2019/05/12 01:00:02-0700 UMS: Total of 59 threads
2019/05/12 02:00:01-0700 UMS: Total of 60 threads
2019/05/12 03:00:01-0700 UMS: Total of 641 threads
2019/05/12 04:00:01-0700 UMS: Total of 9044 threads
2019/05/12 05:00:02-0700 UMS: Total of 16577 threads
2019/05/12 06:00:02-0700 UMS: Total of 24139 threads
2019/05/12 07:00:02-0700 UMS: Total of 31713 threads
 UMS: Total of  threads
 UMS: Total of  threads
2019/05/12 20:00:02-0700 UMS: Total of  threads

Code: Select all

DEBUG 2019-05-12 07:04:02.315 [UPNP-AliveMessageSender] Sending ALIVE...
DEBUG 2019-05-12 07:04:13.910 [UPNP-AliveMessageSender] Sending ALIVE...
DEBUG 2019-05-12 07:04:25.386 [UPNP-AliveMessageSender] Sending ALIVE...
INFO  2019-05-12 07:04:26.745 [cling-2] Exception in thread "cling-2" java.lang.OutOfMemoryError: unable to create new native thread
INFO  2019-05-12 07:04:26.745 [cling-2]         at java.lang.Thread.start0(Native Method)
INFO  2019-05-12 07:04:26.745 [cling-2]         at java.lang.Thread.start(Thread.java:717)
INFO  2019-05-12 07:04:26.745 [cling-2]         at java.util.concurrent.ThreadPoolExecutor.addWorker(ThreadPoolExecutor.java:957)
INFO  2019-05-12 07:04:26.745 [cling-2]         at java.util.concurrent.ThreadPoolExecutor.processWorkerExit(ThreadPoolExecutor.java:1025)
INFO  2019-05-12 07:04:26.745 [cling-2]         at java.util.concurrent.ThreadPoolExecutor.runWorker(ThreadPoolExecutor.java:1167)
INFO  2019-05-12 07:04:26.745 [cling-2]         at java.util.concurrent.ThreadPoolExecutor$Worker.run(ThreadPoolExecutor.java:624)
INFO  2019-05-12 07:04:26.746 [cling-2]         at java.lang.Thread.run(Thread.java:748)
DEBUG 2019-05-12 07:04:36.941 [UPNP-AliveMessageSender] Sending ALIVE...
DEBUG 2019-05-12 07:04:48.419 [UPNP-AliveMessageSender] Sending ALIVE...
DEBUG 2019-05-12 07:04:59.893 [UPNP-AliveMessageSender] Sending ALIVE...
bodom
Posts: 24
Joined: Wed Nov 29, 2017 9:18 am

Re: UMS getting stuck, some hard to spot bug

Post by bodom »

Yep, it still happens in 8.1.0.

I am now setting up a script to kill and restart it when it approaches the threads limit.
bodom
Posts: 24
Joined: Wed Nov 29, 2017 9:18 am

Re: UMS getting stuck, some hard to spot bug

Post by bodom »

I can't remember clearly, but i have a feeling this bug has "always" been present since i became an UMS user at the early 7.x days. It is still present in 9.0.0-b2.

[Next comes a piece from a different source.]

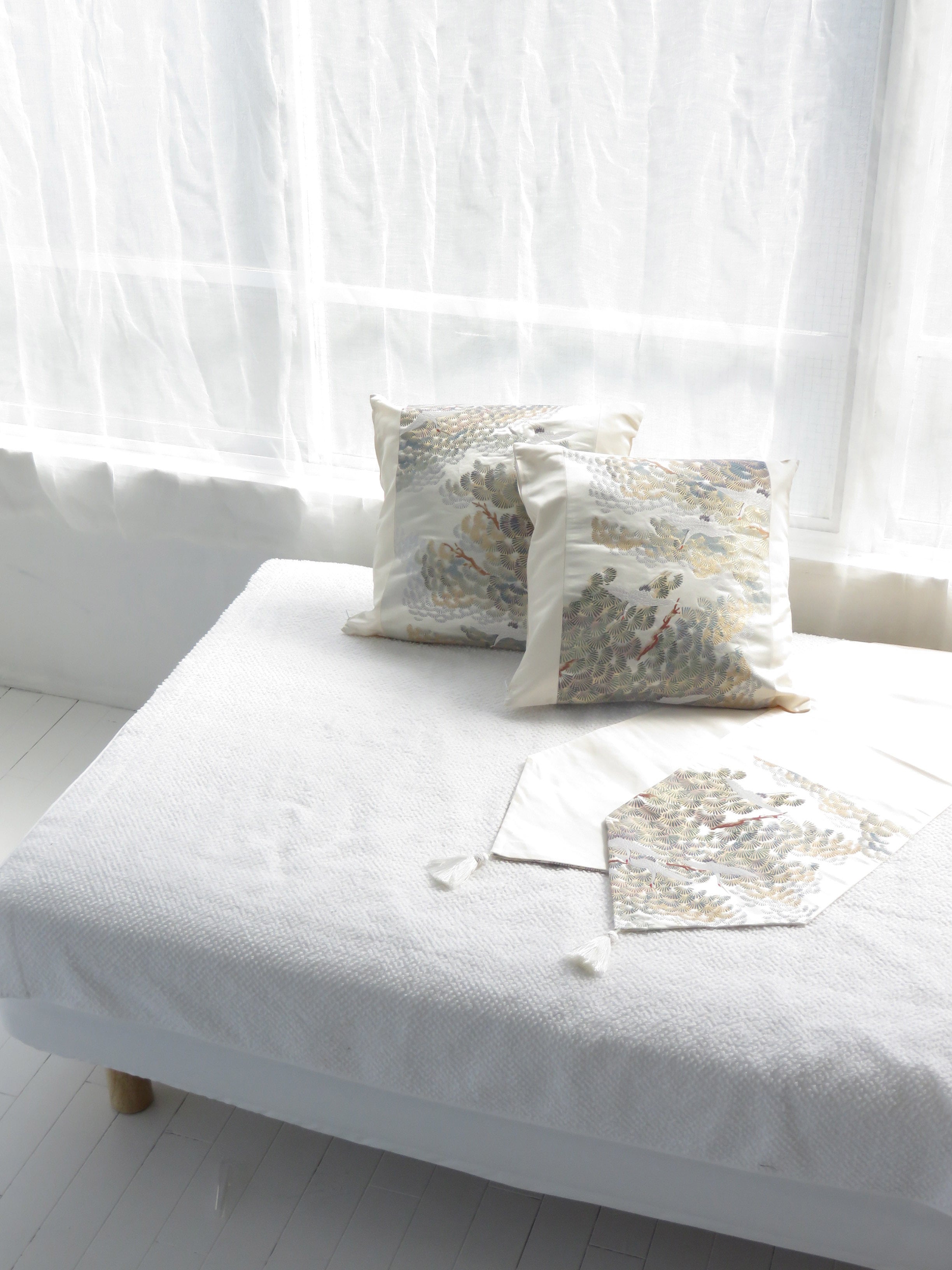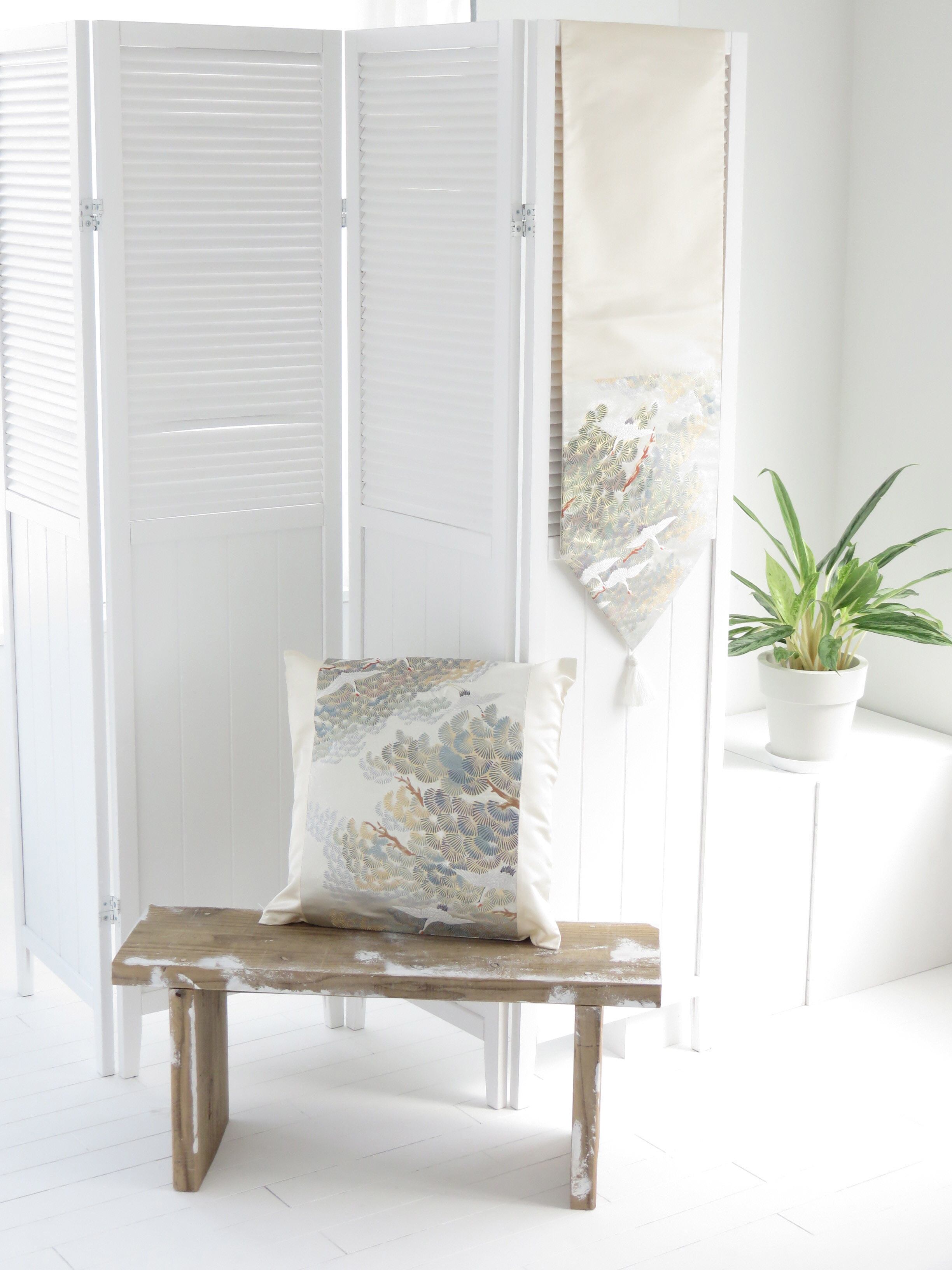 テーブルランナーは壁にかければタペストリーに。ベッドの足元に添えればベッドスローに。クッションと同じお部屋に置いていただくことで統一感がでます。

At the beginning, it took about a month for UMS to exhaust the thread resources and hang the system, now it takes only a few days; this could anyway not be related to a change in the code, but to changes in my library. Also, once i've figured out what's the problem, i've limited it down to 15.000 threads so it can't hang the whole system anymore.

UMS 9.0.0-b2 is actually running at 14.999 threads and hung. Is there any test i can do to help you spot the issue before restarting it?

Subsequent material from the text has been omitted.